11.  Multihoming Considerations

   Multihoming is not supported when sending SCTP on top of DTLS, as
   DTLS does not expose address management of the underlying transport
   protocols (UDP or TCP) to its upper layer.

12.  NAT Considerations

12.1.  General

   When SCTP-over-DTLS is used in a NAT environment, it relies on the
   NAT traversal procedures for the underlying transport protocol (UDP
   or TCP).

12.2.  ICE Considerations

   When SCTP-over-DTLS is used with UDP-based ICE candidates [RFC8445],
   then the procedures for UDP/DTLS/SCTP (Section 7) are used.

   When SCTP-over-DTLS is used with TCP-based ICE candidates [RFC6544],
   then the procedures for TCP/DTLS/SCTP (Section 8) are used.

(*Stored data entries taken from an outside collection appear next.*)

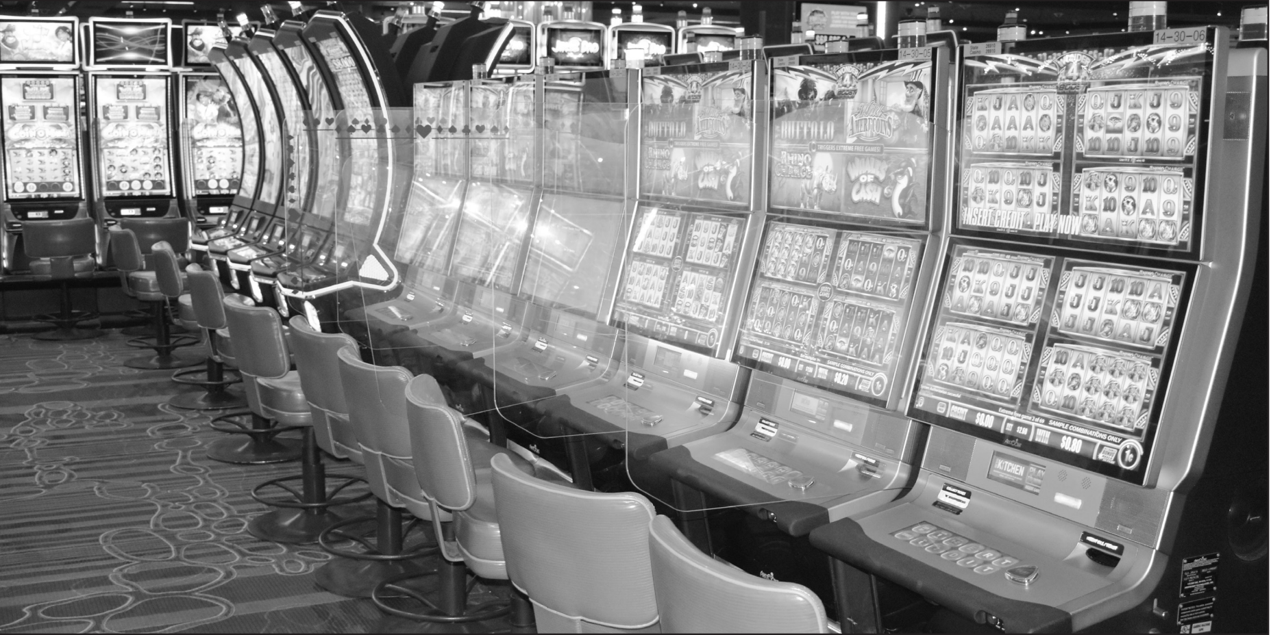
A row of Video Lottery Terminals (VLTs), divided by plastic barriers between each seat. On rows of VLTs without barriers, every other terminal is turned off, to create the necessary separation between patrons.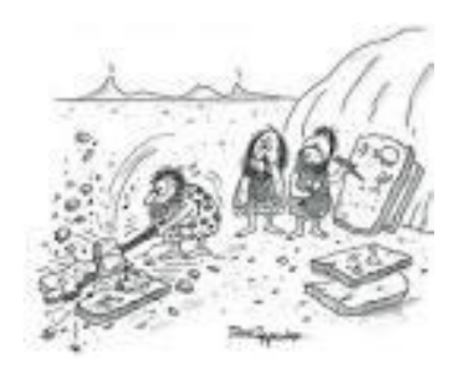
"He handles all our shredding"

Lethbridge: Lethbridge Mobile Shredding - 403-382-5181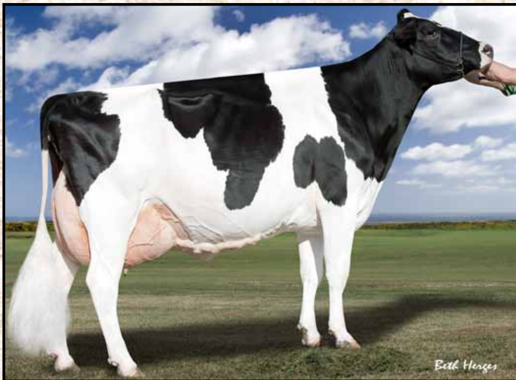
DELE STORMATIC SHADAISY EX-94 4th Dam of Lot 38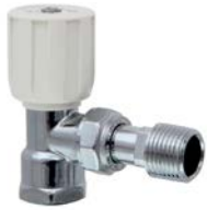
369 WH angle pattern wheelhandle radiator valve for iron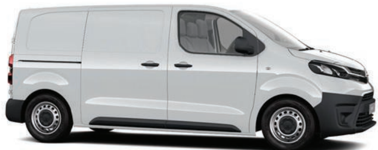
Icy White (EPR)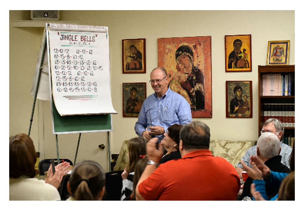
Nativity 2016: This past Nativity was a wonderful celebration of the Birth of our Lord! We had a record attendance for the Nativity Divine Liturgy on January 7<sup>th</sup>. The Christmas Eve service and meal the night before and the annual Schultz Christmas party were also both very well attended with lots of Christmas cheer and fellowship!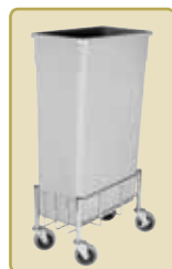
Fits most standard slim trash cans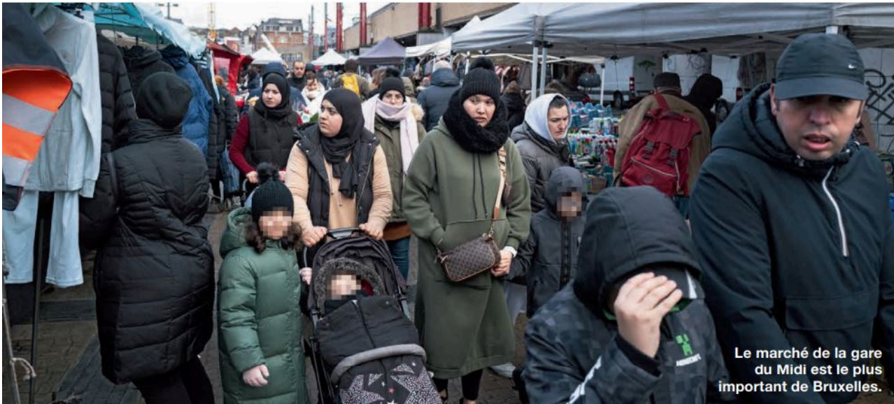
The Gare du Midi market is the largest in Brussels.

Finally, the strategy advocates for the development of Islamic education to promote "the teaching of Islamic values and ethics alongside scientific and cognitive training." Only Islamic education, it argues, can "design and develop educational visions and methods capable of sparing children from the characteristic problems of life in a Western environment and freeing them from the cultural divide they suffer from."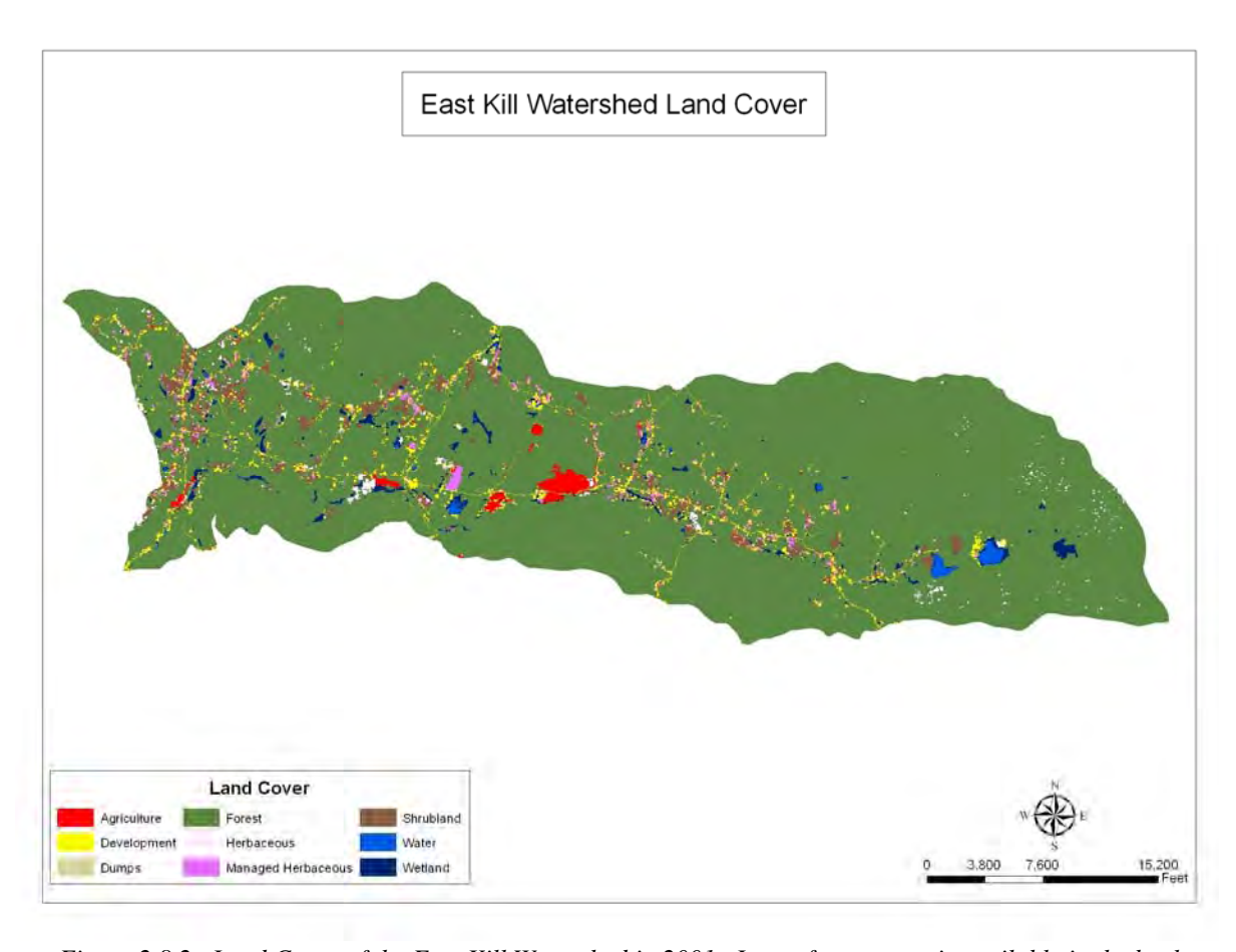
Figure 2.8.2. Land Cover of the East Kill Watershed in 2001. Large format map is available in the back pocket of this plan.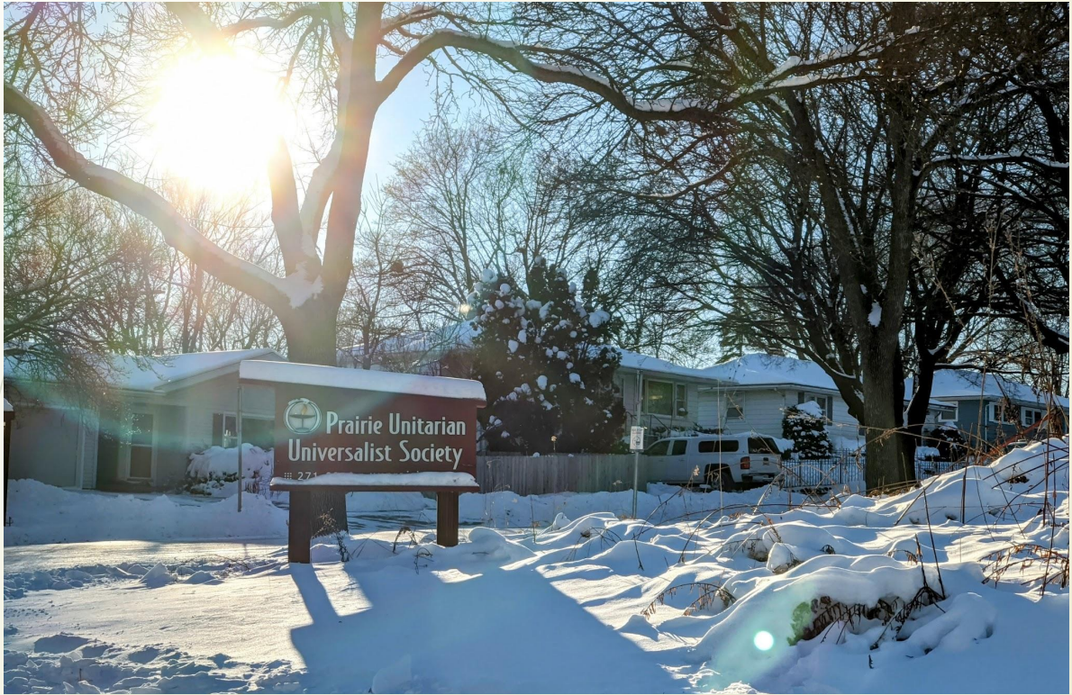
Prairie's sign and front yard covered in a blanket of snow and backlit by the winter sun.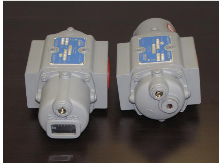
Position 3: Upside Down Horizontal/ Right to Left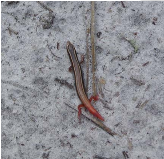
Mole Skink (note red tail)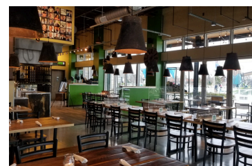
Howard Park Public House

602 E Jefferson Blvd, South Bend, IN 46617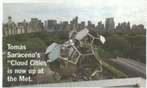
Tomás Saraceno's "Cloud Cities" is now up at the Met.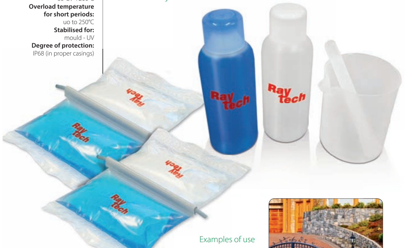
Examples of use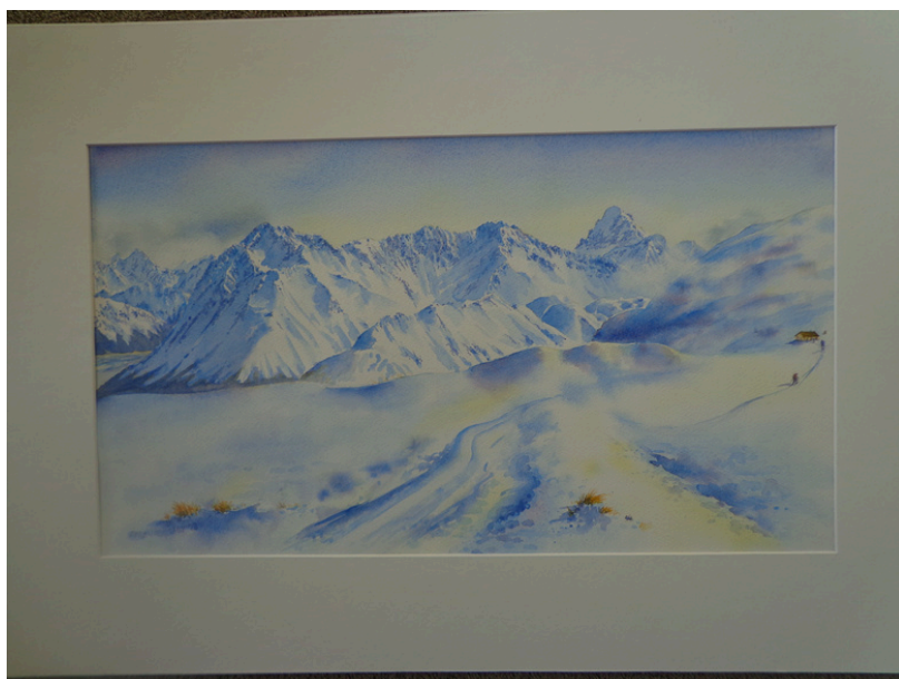
Ski Touring - Rex Simpson Hut, Two Thumbs Range ● (watercolour)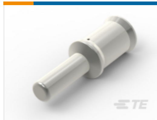
TE Part #T2400001160-000 CSM-16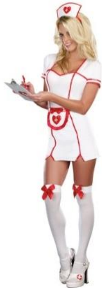
Style A8922 R.Eally N.aughty Nurse Size: S, M, L, XL $11.95 Also Available in Plus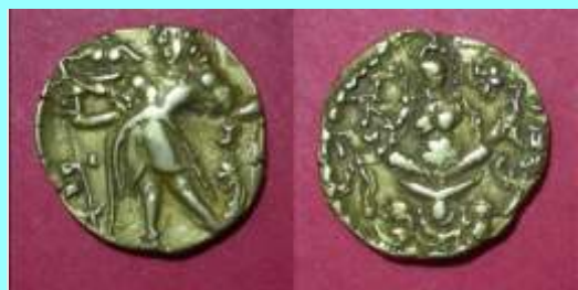
18. Chandragupta II Archer, 7.65 g, 19 mm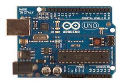
Fig: 3 Arduino UNO

Arduino as shown in Fig: 3 is an open-source physical computing platform based on a simple input or output board and a development environment that implements the Processing/Wiring language. [3]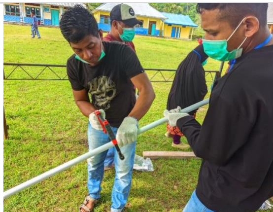
Figure 9. Assembly of equipment by miners (1)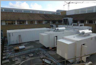
Data Center container outdoors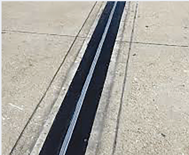
Emcrete expansion joint patching and nosing material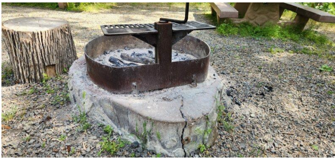
Deteriorating Fire Ring

Plans for FY2024 will continue focus on routine maintenance of facilities, campground, and day use areas.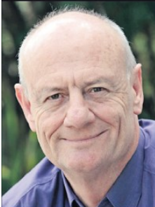
Tim Costello World Vision chief and Christian activist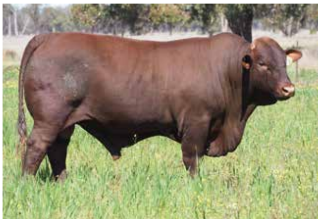
Rockingham Rogue R176 - Lot 3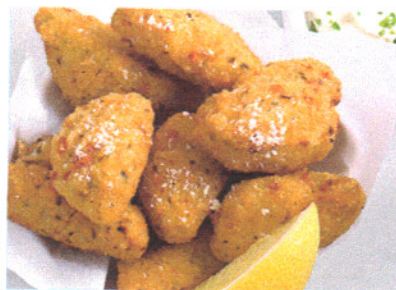
Crispy Fried Artichokes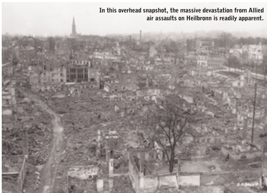
In this overhead snapshot, the massive devastation from Allied air assaults on Heilbronn is readily apparent.

Meanwhile, a large German force attacked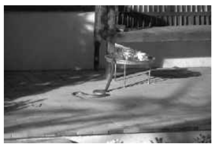
The cobra slithers over the floor and up a bench on its way to the canary's cage. Re-enactment scene from the film Mysteries of Egypt. CMC ECD98-026 #10

During the recent excavations which led to the discovery of the tomb of Tutankhamen, Mr. Howard Carter [the discoverer] had in his house a canary which daily regaled him with its happy song. On the day, however, on which the entrance to the tomb was laid bare, a cobra entered the house, pounced on the bird, and swallowed it. Now, cobras are rare in Egypt, and are seldom seen in winter; but in ancient times they were regarded as the symbol of royalty, and each Pharaoh wore the symbol upon his forehead, as though to signify his power to strike and sting his enemies.<sup>19</sup>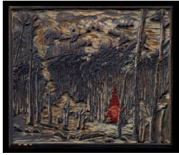
Title: Mountain Gold (Blue Wood Block) Date: c. 1920 Primary Maker: Gustave Baumann Medium: basswood wood block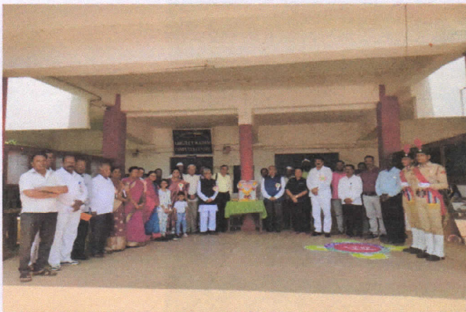
Dignitary while worshipping the image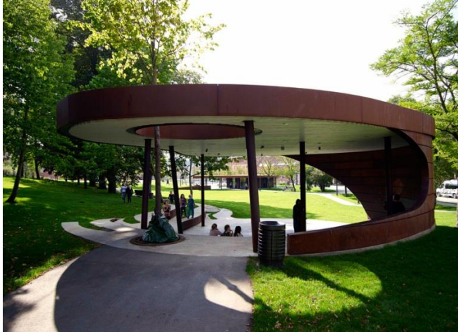
Fig. 2. Landscape architecture platform – shading zone in Maria Park in Vejle, Dutch. Landscape architect Bascon [22]

The creation of a variety of sunny, shady, sheltered subspaces has the potential to increase the use of open public spaces throughout the year. The shade is created using trees, fabric, wood or other material that makes it possible to reduce the temperature and active exposure to sunlight (Figure 2).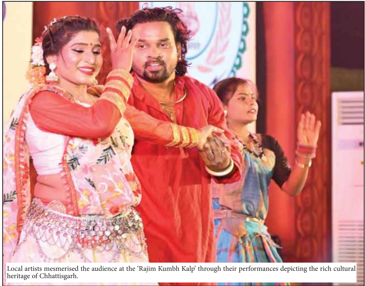
Local artists mesmerised the audience at the 'Rajim Kumbh Kalp' through their performances depicting the rich cultural heritage of Chhattisgarh.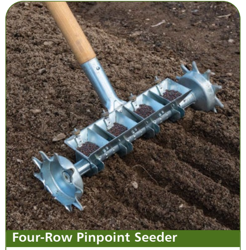
Product #:9285 for greenhouse planting of small to medium-size seed. 21/4" row spacing.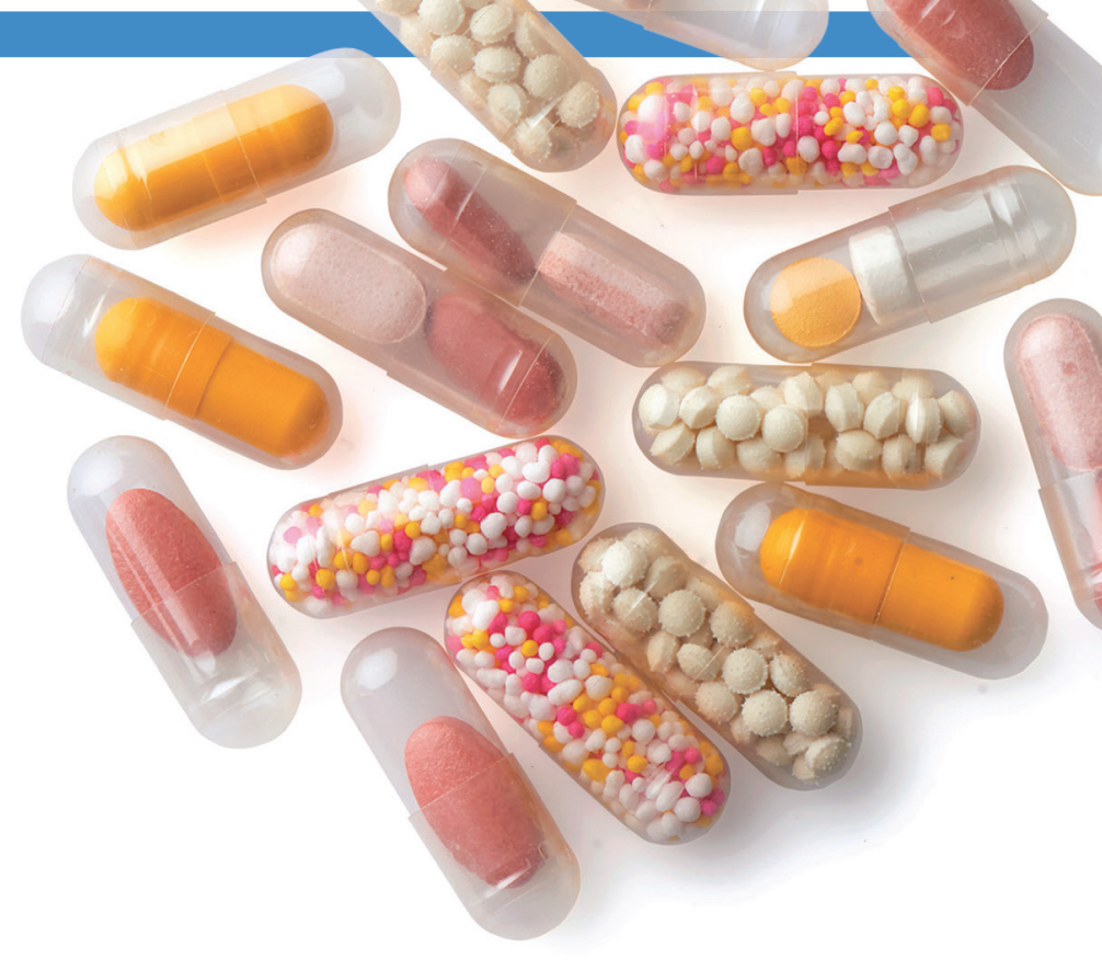
Figure 2: Solid-solid capsule combinations.

Incompatibility between pharmaceutical ingredients is a significant challenge encountered during the development of drug products. Reactive impurities produced by drug–drug interactions may cause product instability due to the production of toxic degradants, which can limit the scope of product development. Capsules provide a solution to this problem by allowing the delivery of multiple APIs without causing compatibility issues. By using a protective coating, the formulator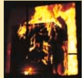
In the furnace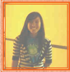
Youth/Emmaus.... this church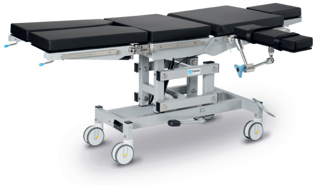
Arm support Famed FlexArm™ AS-70.3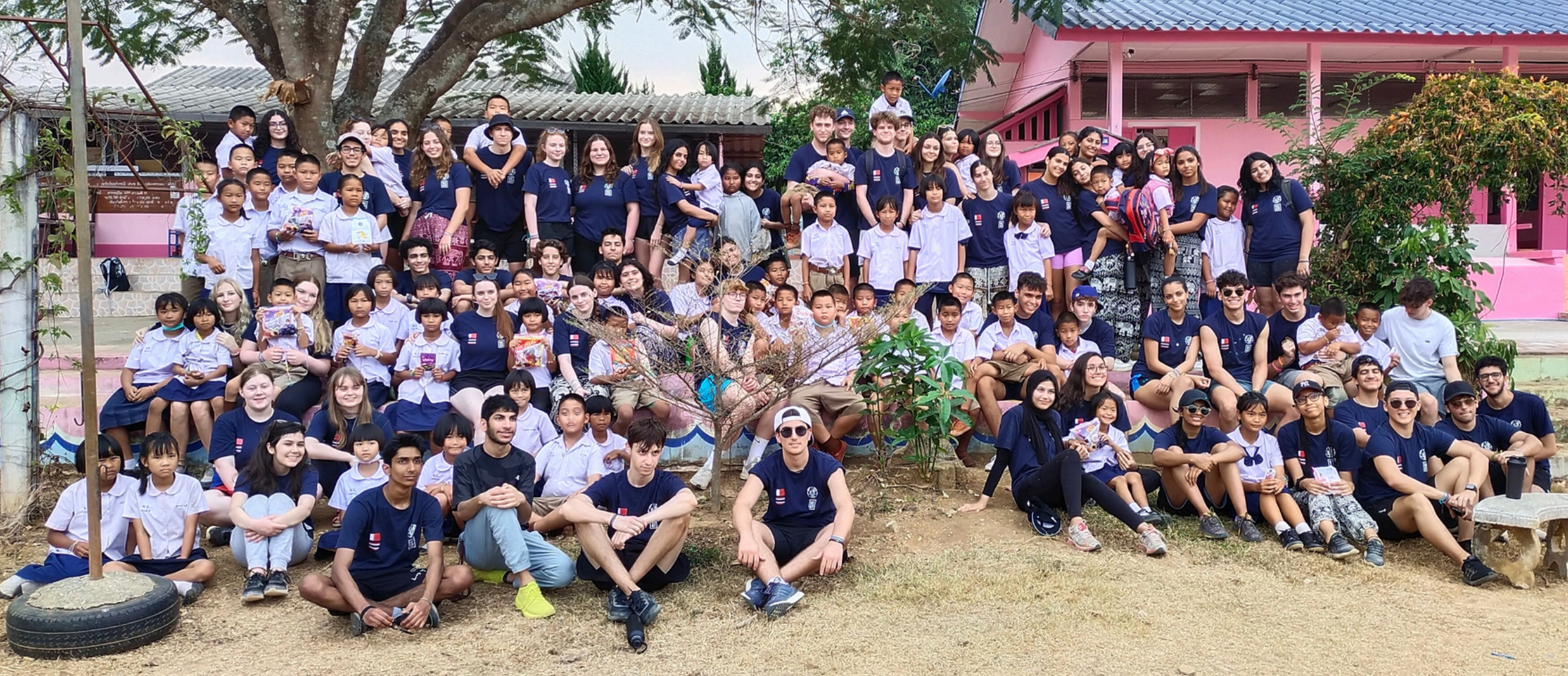
Year 12 & Year 13 Community Service Trip, Thailand

   In ICE environments, during the nomination process, endpoints go
   through multiple ICE candidate pairs until the most preferred
   candidate pair is found.  During the nomination process, data can be
   sent as soon as the first working candidate pair is found, but the
   nomination process still continues, and selected candidate pairs can
   still change while data is sent.  Furthermore, if endpoints roam
   between networks -- for instance, when a mobile endpoint switches
   from mobile connection to WiFi -- endpoints will initiate an ICE
   restart.  This will trigger a new nomination process between the new
   set of candidates, which will likely result in the new nominated
   candidate pair.

   Implementations MUST treat all ICE candidate pairs associated with an
   SCTP association on top of a DTLS association as part of the same
   DTLS association.  Thus, there will only be one SCTP handshake and
   one DTLS handshake even if there are multiple valid candidate pairs;
   shifting from one candidate pair to another, including switching
   between UDP and TCP candidate pairs, will not impact the SCTP or DTLS
   associations.  If new candidates are added, they will also be part of
   the same SCTP and DTLS associations.  When transitioning between
   candidate pairs, different candidate pairs can be currently active in
   different directions, and implementations MUST be ready to receive
   data on any of the candidates, even if this means sending and
   receiving data using UDP/DTLS/SCTP and TCP/DTLS/SCTP at the same time
   in different directions.

   In order to maximize the likelihood of interoperability between the
   endpoints, all ICE-enabled SCTP-over-DTLS endpoints SHOULD implement
   support for UDP/DTLS/SCTP.

   When an SDP offer or answer is sent with multiple ICE candidates
   during initial connection negotiation or after ICE restart, UDP-based
   candidates SHOULD be included, and the default candidate SHOULD be
   chosen from one of those UDP candidates.  The proto value MUST match
   the transport protocol associated with the default candidate.  If UDP
   transport is used for the default candidate, then the "UDP/DTLS/SCTP"
   proto value MUST be used.  If TCP transport is used for the default
   candidate, then the "TCP/DTLS/SCTP" proto value MUST be used.  Note
   that under normal circumstances, the proto value for offers and
   answers sent during ICE nomination SHOULD be "UDP/DTLS/SCTP".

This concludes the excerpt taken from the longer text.